A new study reveals that a diet consisting of high-fat food products like whole milk, cream and butter may increase the risk of death years for breast cancer survivors.
The research included analyzing data from about 1,900 women who were monitored over a course of almost 15 years. The women who participated in the study were diagnosed between 1997 and 2000 with an early stage of the disease.
The participants provided information regarding their diets from the beginning of the study, while most also gave this information six years later.
Out of the nearly 1,900 women who participated in the study, 349 had their cancer return over the time period of the research and 372 women died. About half, or 189 deaths, were recorded and were found to be a result of breast cancer.

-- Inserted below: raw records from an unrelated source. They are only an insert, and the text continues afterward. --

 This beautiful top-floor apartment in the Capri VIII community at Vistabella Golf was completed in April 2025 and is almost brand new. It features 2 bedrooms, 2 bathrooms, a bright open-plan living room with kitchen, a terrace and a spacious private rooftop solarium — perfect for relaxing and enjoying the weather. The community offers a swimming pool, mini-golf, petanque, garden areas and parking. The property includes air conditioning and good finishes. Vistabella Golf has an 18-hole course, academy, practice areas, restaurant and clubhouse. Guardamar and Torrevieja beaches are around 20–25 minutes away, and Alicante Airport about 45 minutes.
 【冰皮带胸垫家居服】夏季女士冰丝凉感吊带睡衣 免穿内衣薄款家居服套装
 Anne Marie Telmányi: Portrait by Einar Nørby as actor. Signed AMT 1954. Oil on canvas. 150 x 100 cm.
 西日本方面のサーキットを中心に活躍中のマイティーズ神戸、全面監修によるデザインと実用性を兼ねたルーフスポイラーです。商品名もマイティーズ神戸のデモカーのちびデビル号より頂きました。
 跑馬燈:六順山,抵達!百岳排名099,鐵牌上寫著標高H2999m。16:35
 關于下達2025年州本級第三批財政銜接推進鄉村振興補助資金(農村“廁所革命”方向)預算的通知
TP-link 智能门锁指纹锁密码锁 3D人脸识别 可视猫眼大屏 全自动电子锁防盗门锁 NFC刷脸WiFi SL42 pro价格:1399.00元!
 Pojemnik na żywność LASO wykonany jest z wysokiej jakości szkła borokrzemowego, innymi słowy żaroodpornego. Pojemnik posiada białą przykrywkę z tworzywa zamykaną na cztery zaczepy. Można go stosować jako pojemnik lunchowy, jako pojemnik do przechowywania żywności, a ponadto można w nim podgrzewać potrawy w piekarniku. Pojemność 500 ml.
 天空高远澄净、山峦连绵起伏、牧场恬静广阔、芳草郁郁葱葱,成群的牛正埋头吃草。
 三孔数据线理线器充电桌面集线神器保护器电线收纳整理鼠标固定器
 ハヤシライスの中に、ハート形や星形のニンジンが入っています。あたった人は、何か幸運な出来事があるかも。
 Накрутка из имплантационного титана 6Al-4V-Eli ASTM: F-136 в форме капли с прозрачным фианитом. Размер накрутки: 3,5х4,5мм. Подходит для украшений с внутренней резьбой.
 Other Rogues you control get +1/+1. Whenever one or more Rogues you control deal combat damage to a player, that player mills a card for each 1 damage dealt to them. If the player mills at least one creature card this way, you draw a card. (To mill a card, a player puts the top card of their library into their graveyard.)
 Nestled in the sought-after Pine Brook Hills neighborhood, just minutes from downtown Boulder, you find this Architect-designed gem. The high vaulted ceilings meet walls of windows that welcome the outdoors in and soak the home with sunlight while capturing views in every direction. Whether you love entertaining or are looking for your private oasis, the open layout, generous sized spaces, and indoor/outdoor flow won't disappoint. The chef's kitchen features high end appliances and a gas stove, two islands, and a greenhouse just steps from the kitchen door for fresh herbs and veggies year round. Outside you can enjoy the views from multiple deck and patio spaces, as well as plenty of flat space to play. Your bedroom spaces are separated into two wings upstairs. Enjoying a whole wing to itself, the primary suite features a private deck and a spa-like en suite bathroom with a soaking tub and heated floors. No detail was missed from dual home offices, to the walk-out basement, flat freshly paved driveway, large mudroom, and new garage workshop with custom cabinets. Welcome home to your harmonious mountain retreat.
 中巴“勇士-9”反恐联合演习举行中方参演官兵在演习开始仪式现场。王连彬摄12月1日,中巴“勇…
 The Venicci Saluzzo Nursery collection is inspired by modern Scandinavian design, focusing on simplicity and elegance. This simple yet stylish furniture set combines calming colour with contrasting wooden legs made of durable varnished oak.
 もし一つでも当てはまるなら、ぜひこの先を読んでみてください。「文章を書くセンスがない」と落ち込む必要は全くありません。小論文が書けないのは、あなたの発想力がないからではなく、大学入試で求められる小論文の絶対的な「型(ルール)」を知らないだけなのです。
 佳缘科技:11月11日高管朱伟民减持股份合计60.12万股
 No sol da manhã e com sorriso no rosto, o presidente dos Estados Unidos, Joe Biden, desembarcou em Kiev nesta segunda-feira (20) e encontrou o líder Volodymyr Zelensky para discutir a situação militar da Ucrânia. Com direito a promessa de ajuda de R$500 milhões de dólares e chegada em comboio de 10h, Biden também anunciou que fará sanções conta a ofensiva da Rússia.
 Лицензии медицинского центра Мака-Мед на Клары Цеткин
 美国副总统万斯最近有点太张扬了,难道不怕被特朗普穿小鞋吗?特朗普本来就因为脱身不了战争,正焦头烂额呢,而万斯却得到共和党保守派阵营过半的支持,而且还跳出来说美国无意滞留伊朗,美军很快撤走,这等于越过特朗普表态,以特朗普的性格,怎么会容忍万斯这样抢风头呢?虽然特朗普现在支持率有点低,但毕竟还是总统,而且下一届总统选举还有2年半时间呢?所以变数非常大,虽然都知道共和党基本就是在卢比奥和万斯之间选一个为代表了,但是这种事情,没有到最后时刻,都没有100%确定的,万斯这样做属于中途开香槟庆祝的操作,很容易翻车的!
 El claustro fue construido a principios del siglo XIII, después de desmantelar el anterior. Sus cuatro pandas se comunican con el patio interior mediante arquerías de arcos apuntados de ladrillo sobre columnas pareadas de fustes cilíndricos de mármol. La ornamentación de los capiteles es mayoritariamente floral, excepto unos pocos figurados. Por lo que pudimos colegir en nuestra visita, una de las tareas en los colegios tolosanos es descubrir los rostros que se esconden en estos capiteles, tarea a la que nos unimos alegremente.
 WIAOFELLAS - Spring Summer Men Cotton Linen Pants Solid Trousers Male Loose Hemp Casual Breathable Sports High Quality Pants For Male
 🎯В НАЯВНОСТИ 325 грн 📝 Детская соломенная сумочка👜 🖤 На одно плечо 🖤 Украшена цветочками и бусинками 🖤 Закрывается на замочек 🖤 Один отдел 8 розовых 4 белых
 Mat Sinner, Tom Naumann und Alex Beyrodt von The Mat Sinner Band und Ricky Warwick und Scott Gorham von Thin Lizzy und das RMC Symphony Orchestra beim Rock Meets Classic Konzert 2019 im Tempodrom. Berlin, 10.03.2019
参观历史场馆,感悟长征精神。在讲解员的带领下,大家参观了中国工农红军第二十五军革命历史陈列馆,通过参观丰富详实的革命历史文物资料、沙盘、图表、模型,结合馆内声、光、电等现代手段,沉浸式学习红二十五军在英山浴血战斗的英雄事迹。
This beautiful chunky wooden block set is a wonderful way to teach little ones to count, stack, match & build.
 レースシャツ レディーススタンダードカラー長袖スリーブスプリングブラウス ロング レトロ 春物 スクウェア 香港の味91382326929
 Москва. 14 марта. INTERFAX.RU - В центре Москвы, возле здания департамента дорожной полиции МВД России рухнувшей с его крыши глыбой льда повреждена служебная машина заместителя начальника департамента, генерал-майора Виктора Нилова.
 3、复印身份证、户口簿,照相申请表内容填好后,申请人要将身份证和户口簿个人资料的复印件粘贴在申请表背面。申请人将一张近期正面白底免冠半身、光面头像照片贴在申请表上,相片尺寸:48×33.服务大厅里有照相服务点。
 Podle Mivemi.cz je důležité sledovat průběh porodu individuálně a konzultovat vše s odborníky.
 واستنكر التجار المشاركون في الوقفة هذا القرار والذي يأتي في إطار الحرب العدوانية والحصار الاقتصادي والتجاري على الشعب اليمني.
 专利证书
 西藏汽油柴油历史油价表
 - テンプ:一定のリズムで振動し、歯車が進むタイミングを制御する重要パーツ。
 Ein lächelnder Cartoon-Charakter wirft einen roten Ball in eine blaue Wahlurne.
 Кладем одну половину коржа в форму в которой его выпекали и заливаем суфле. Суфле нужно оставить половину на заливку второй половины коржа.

One of the study's authors, Candyce Kroenke who is a staff scientist with the Kaiser Permanente Division of Research in Oakland, Calif., said that women "who ate one or more servings of high-fat dairy a day had a 49 percent higher risk of breast cancer death compared to those who ate up to half a serving a day."
The study, published in the Journal of the National Cancer Institute, found that women in the group that consumed more high-fat dairy foods-characterized by eating one serving or more of a high-fat dairy product per day-displayed a 64 percent increased risk of dying from any cause.
But Kroenke also said that the data did not show any significant link between a diet of high-fat dairy foods and the recurrence of breast cancer.
"This is really one of the early studies of this topic," said Leslie Bernstein who was not involved in the study and is the director of the division of cancer etiology in the Beckman Research Institute at the City of Hope Comprehensive Cancer Center in Duarte, Calif.
"It's an interesting finding."
But researchers agree that more studies need to be conducted on the issue to determine if there really is a link between increased death years and a high-fat dairy diet.
"If women have breast cancer and are trying to reduce their estrogen exposure, shifting away from high-fat dairy to lower-fat dairy would make sense," Kroenke said.